Third, a collapsing Afghan state fighting for its survival will be even less concerned or capable of controlling its territory and curtailing anti-Pakistan militant groups. This means the TTP, Al Qaeda, Laskhar-i-Jhangvi, IS, and other radical groups may enjoy safe havens in Afghanistan’s remote and treacherous terrain from which to train, operate, and launch attacks.
Fourth, civil war enables diffusion of militant capabilities and ideologies. New militant tactics, developed on one battlefield can spread to others as they did from Iraq and Afghanistan. Encounters with foreign militants can transform ideologies of local militants into transnational ones.
Second-order effects of civil war could compound the strategic challenges. If chaos and instability engulfs the region, China could choose to redeploy its robust investments elsewhere. Finally, a new US president could also step back from the region, withdraw troops, and secure core security interests from a distance. Disrupting militant threats with periodic missile or drone strikes would leave Pakistan to contend with the fallout. Pakistan seeks a stable Afghanistan mindful of its security interests, where the Taliban are included within the government, but do not dominate it. Thus, Pakistan faces a “pivotal deterrence” challenge. In order to prevent all-out war and induce productive reconciliation talks, it could pivot support between each side to ensure sufficient bargaining power, willingness to negotiate, and capability to deliver on commitments.
Failure to return the Taliban to the table — despite the ability to pressure Taliban leadership acknowledged by the foreign adviser — suggests current efforts have proved insufficient.
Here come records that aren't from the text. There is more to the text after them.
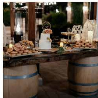
8ft Wine Barrel Table/Bar (common) $220
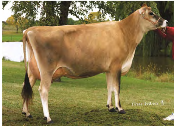
VALHALLA SPARKLER LEANN, VG-87% FIFTH DAM OF LOT 38
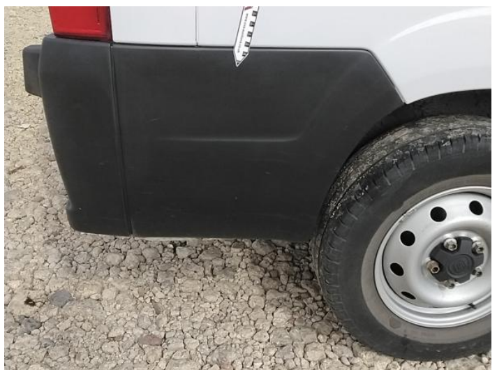
14: Qtr Panel Moulding os Scuffed (Unpainted) Over 100mm
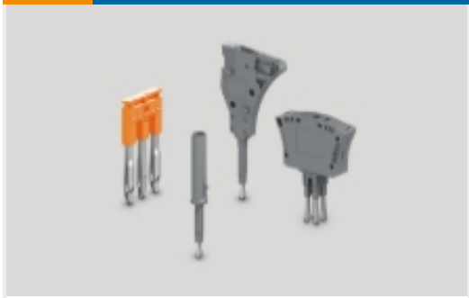
Terminal Block & Strip Conducting Accessories(67)

To regain some leverage and resurrect reconciliation efforts, Pakistan could experiment with new forms of military pressure to induce a “hurting stalemate”.
Such a move would hamstring rather than kneecap the Taliban to alter their incentives. A range of overt and covert means — intelligence-sharing, coordinated planning, border movement crackdowns, or direct operational support like air strikes — could help the Afghan state interdict, deny, or even rollback Taliban advances and violence. Pakistan could employ military coercion in the service of reconciliation efforts to urgently return the Taliban to the bargaining table.
Reductions in violence and resumption of reconciliation talks may yield a virtuous cycle. Ghani may be empowered to control hardline opposition. China, the US and others would be reassured by Pakistan’s costly military efforts, which could motivate reciprocal strategic cooperation, curtailment of Afghan detractors, and border control support. Finally, by “throwing an elbow”, Islamabad could reassert influence over all warring parties in Afghanistan.
Some fear military pressure is counterproductive to reconciliation efforts. But this neglects the Clausewitzian tenet that war is politics by other means and militarised pressure a bargaining tool. Diplomatic persuasion and political coercion are not working. Avoiding the abyss requires calibrated coercion to restructure Taliban incentives.
Admittedly, there are risks — that it might compromise influence over the Taliban, or that Afghan government factions play spoilers — but these pale in comparison to the consequences of Afghanistan sliding into total chaos, which could swamp Pakistan’s hard-fought security gains. Pakistan could resign itself to its constraints or it could discover a sense of urgency, fashion a creative strategy to return the Taliban to the negotiating table, and stave off an escalating civil war.
The writer is deputy director of the Stimson Centre’s South Asia Programme.